TASK REQUIREMENTS - For this exercise, return all the data word for word, with images left out.

GIVEN MATERIAL -

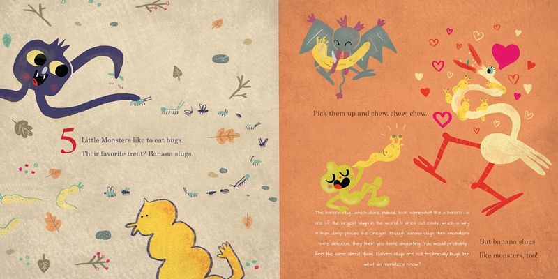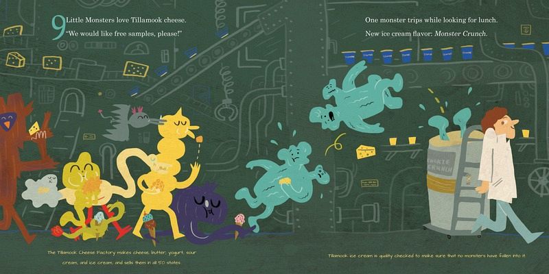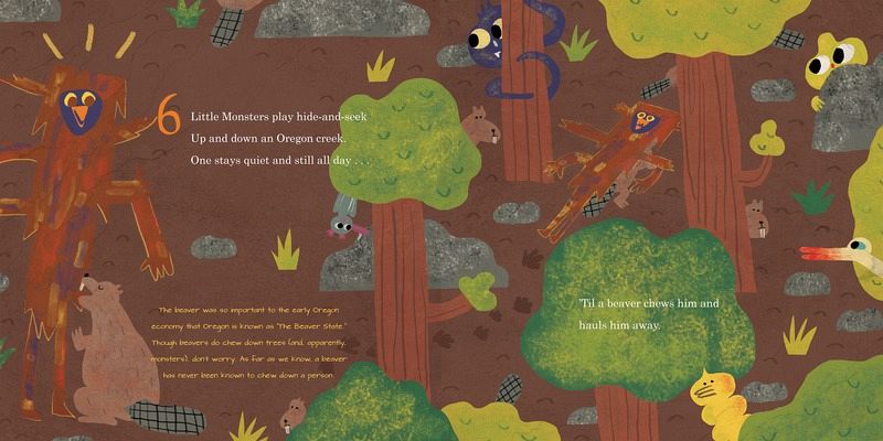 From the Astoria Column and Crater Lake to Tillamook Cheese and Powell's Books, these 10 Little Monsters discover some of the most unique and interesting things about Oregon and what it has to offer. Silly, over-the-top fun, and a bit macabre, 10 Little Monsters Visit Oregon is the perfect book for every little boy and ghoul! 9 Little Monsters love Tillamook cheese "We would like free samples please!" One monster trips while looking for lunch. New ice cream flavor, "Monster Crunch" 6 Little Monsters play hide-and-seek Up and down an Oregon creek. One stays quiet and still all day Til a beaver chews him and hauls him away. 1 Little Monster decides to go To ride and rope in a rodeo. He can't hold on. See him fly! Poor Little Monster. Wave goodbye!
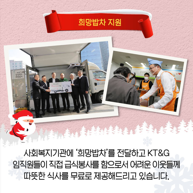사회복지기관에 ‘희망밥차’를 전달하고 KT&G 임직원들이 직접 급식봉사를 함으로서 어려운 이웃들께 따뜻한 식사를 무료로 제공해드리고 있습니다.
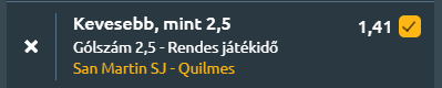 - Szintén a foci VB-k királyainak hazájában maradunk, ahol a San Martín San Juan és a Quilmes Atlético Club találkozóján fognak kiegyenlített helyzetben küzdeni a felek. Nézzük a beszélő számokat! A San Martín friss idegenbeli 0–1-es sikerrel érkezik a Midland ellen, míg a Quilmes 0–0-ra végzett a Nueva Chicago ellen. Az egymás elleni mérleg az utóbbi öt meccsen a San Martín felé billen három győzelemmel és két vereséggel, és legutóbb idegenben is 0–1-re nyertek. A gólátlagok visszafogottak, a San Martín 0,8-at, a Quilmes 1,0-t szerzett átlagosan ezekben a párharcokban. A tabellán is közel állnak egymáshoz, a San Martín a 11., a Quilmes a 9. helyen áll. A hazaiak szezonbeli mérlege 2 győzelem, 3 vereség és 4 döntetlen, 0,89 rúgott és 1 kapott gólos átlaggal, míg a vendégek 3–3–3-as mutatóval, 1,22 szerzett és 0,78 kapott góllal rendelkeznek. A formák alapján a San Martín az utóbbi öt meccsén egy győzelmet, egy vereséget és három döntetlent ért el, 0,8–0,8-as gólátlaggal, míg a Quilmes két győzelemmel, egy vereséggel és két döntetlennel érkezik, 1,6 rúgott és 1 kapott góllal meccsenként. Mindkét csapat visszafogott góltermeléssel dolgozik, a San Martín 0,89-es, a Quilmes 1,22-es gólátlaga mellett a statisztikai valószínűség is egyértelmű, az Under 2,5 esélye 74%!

EXERCISE SOLUTION -
 From the Astoria Column and Crater Lake to Tillamook Cheese and Powell's Books, these 10 Little Monsters discover some of the most unique and interesting things about Oregon and what it has to offer. Silly, over-the-top fun, and a bit macabre, 10 Little Monsters Visit Oregon is the perfect book for every little boy and ghoul! 9 Little Monsters love Tillamook cheese "We would like free samples please!" One monster trips while looking for lunch. New ice cream flavor, "Monster Crunch" 6 Little Monsters play hide-and-seek Up and down an Oregon creek. One stays quiet and still all day Til a beaver chews him and hauls him away. 1 Little Monster decides to go To ride and rope in a rodeo. He can't hold on. See him fly! Poor Little Monster. Wave goodbye!
사회복지기관에 ‘희망밥차’를 전달하고 KT&G 임직원들이 직접 급식봉사를 함으로서 어려운 이웃들께 따뜻한 식사를 무료로 제공해드리고 있습니다.
 - Szintén a foci VB-k királyainak hazájában maradunk, ahol a San Martín San Juan és a Quilmes Atlético Club találkozóján fognak kiegyenlített helyzetben küzdeni a felek. Nézzük a beszélő számokat! A San Martín friss idegenbeli 0–1-es sikerrel érkezik a Midland ellen, míg a Quilmes 0–0-ra végzett a Nueva Chicago ellen. Az egymás elleni mérleg az utóbbi öt meccsen a San Martín felé billen három győzelemmel és két vereséggel, és legutóbb idegenben is 0–1-re nyertek. A gólátlagok visszafogottak, a San Martín 0,8-at, a Quilmes 1,0-t szerzett átlagosan ezekben a párharcokban. A tabellán is közel állnak egymáshoz, a San Martín a 11., a Quilmes a 9. helyen áll. A hazaiak szezonbeli mérlege 2 győzelem, 3 vereség és 4 döntetlen, 0,89 rúgott és 1 kapott gólos átlaggal, míg a vendégek 3–3–3-as mutatóval, 1,22 szerzett és 0,78 kapott góllal rendelkeznek. A formák alapján a San Martín az utóbbi öt meccsén egy győzelmet, egy vereséget és három döntetlent ért el, 0,8–0,8-as gólátlaggal, míg a Quilmes két győzelemmel, egy vereséggel és két döntetlennel érkezik, 1,6 rúgott és 1 kapott góllal meccsenként. Mindkét csapat visszafogott góltermeléssel dolgozik, a San Martín 0,89-es, a Quilmes 1,22-es gólátlaga mellett a statisztikai valószínűség is egyértelmű, az Under 2,5 esélye 74%!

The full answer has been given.